**EXERCISE BRIEF:**
The lines from the top of the material through the line with "In the box:- GoPro" are to be set down exactly. Leave the pictures out.

<<<<

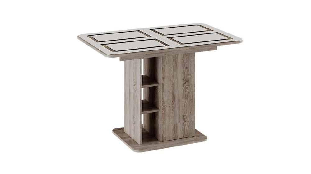 Стол обеденный Мюнхен тип 1 Дуб Сонома трюфель/Стекло бежевое с рисунком
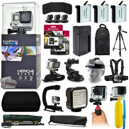 In the box:- GoPro HERO4 Black- Rechargeable Battery for HERO4- Standard Housing- Skeleton Backdoor- Curved Adhesive Mount- Flat Adhesive Mount- Quick Release Buckle- 3-Way Pivot Arm- USB Cable47th Street Photo Accessories:- Two 32GB Transcend Class 10 microSD Cards (633x) - Replacement Li-ion Battery Pack for GoPro (3) - Replacement AC\/DC Charger with Car Plug- Weather and Stain Resistant Travel Backpack- Pro Series 60 Inch Tripod Full Size Tripod- Hand Glove Wrist Strap- Car Suction Cup Mount- Head\/Helmet Strap Mount- Chest Mount- Opteka MP100 67\
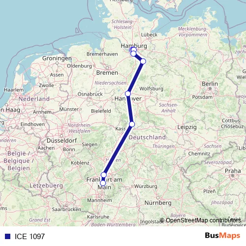 The first stop of the ICE 1097 rail route is Hamburg-Altona and the last stop is Frankfurt(Main)Hbf. ICE 1097 is operational during on weekdays.
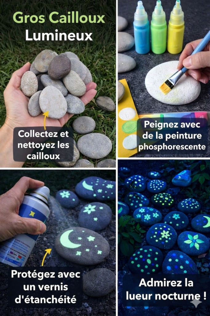Il existe quelque chose de magique dans un jardin qui s’illumine à la tombée de la nuit. Alors que la plupart des décorations disparaissent dans l’obscurité, une idée simple et créative transforme les espaces extérieurs en véritables décors féeriques : les pierres de jardin peintes avec de la peinture phosphorescente.
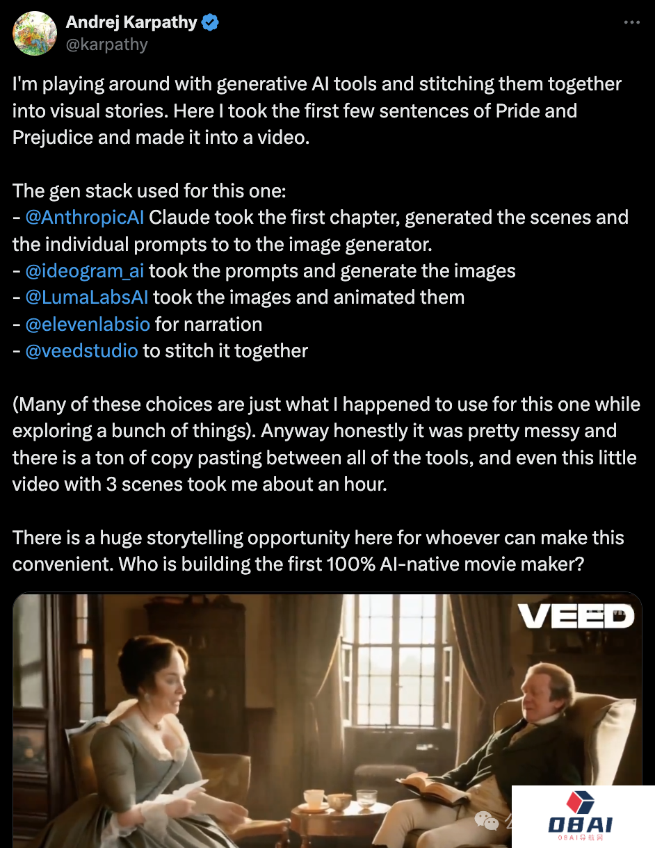 举个例子,OpenAI创始成员Andrej Karpathy最近也玩上了AI视频,整出了个AI版《傲慢与偏见》。
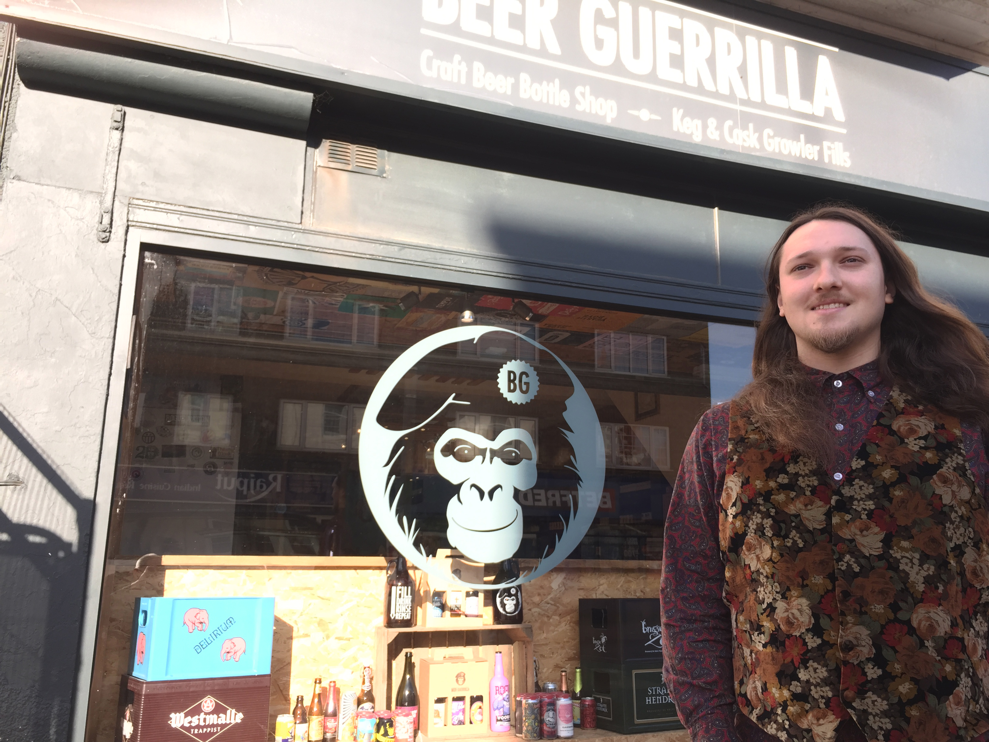 Luke outside Beer Guerrilla, where he’s assistant manager
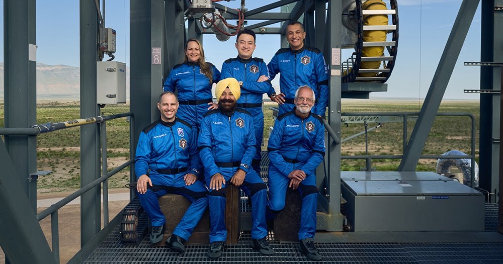 Экипаж миссии Blue Origin NS-34 с основателем Tron Джастином Саном в центре. Источник: Blue Origin
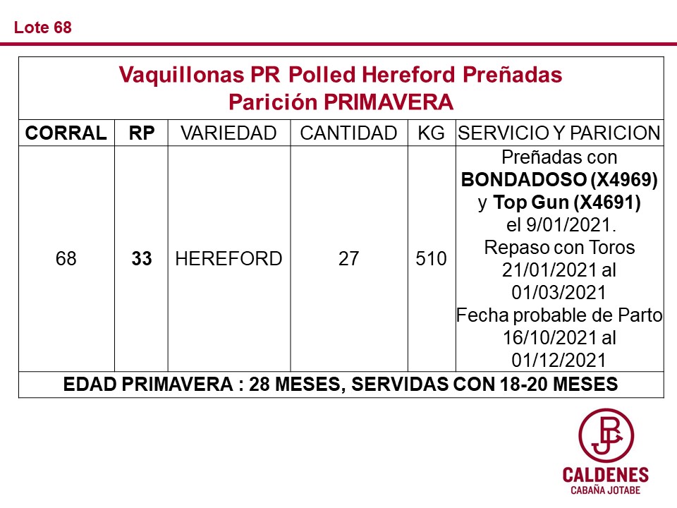LOTE 61, Vaquillonas PR Preñadas Hereford Paricion Primavera(Corral 68)
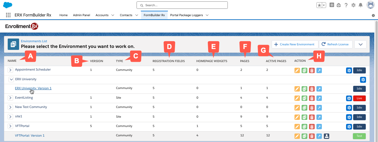 - Action — Buttons to edit, create new versions of an Environment, delete, translate, set up permissions, and change status (e.g., Idle, Test, or Live).
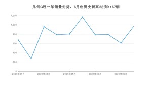 2021年10月,几何C销量为968辆,同比增长14.83%,环比增长58.69%。1-10月份,几何C销量为7827辆,同比增长287.28%。在最近1年中,几何C销量在2021年06月达到最高,销量为1167辆。
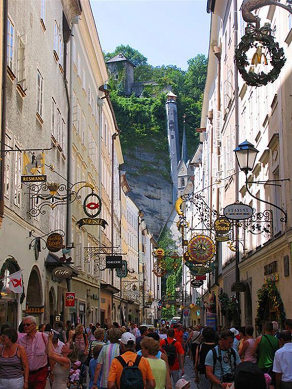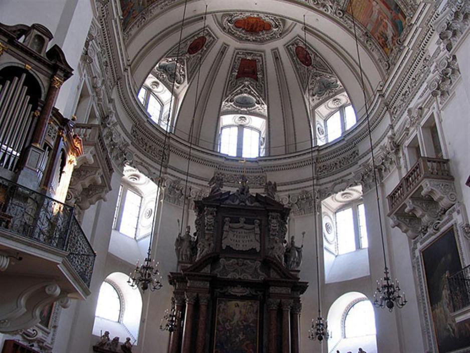 Ved å følge Getreidegasse mot øst kommer man forbi Mozarts fødested. Over det meste av den indre byen kan man oppleve gatemusikanter og man er ikke på noe tidspunkt i tvil om, at Salzburg er Mozarts by. Dette, selv om både Wien og Praha gjerne vil være med på å hylle komponisten. Musikkens stemning oppleves ingen steder så intens som nettopp her. Spaserer man videre gjennom Kranzlmarkt og Judengasse kan man ikke unngå å komme forbi domkirken til Mozartplass. Her har byen satt opp en stor fontene rundt en statue av den verdensberømte komponisten. Domkirken er naturligvis verdt et besøk og har du lyst på enestående musikalske opplevelser, så finner det sted fantastiske konserter under domkirkens kuppel, hvor orgelet er delt opp i 4 enheter og plassert på hver sin søyle. Så de kunne det der med quadrofoni allerede i 1625!
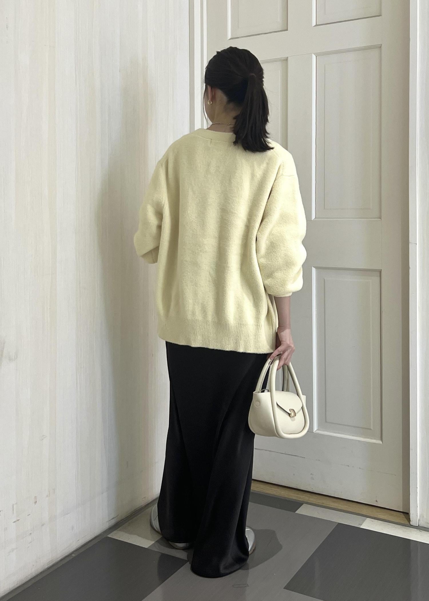 ROPÉ PICNIC【新色追加】スフレニットシリーズ 変形メタルボタンミドル丈カーディガン/イージーケア・リンクコーデクリーム / F¥3,293レビューヒップが隠れるくらいの丈で、袖はたっぷりとしたシルエットでした。

>>>>

**RESPONSE:**
 Стол обеденный Мюнхен тип 1 Дуб Сонома трюфель/Стекло бежевое с рисунком
 In the box:- GoPro HERO4 Black- Rechargeable Battery for HERO4- Standard Housing- Skeleton Backdoor- Curved Adhesive Mount- Flat Adhesive Mount- Quick Release Buckle- 3-Way Pivot Arm- USB Cable47th Street Photo Accessories:- Two 32GB Transcend Class 10 microSD Cards (633x) - Replacement Li-ion Battery Pack for GoPro (3) - Replacement AC\/DC Charger with Car Plug- Weather and Stain Resistant Travel Backpack- Pro Series 60 Inch Tripod Full Size Tripod- Hand Glove Wrist Strap- Car Suction Cup Mount- Head\/Helmet Strap Mount- Chest Mount- Opteka MP100 67\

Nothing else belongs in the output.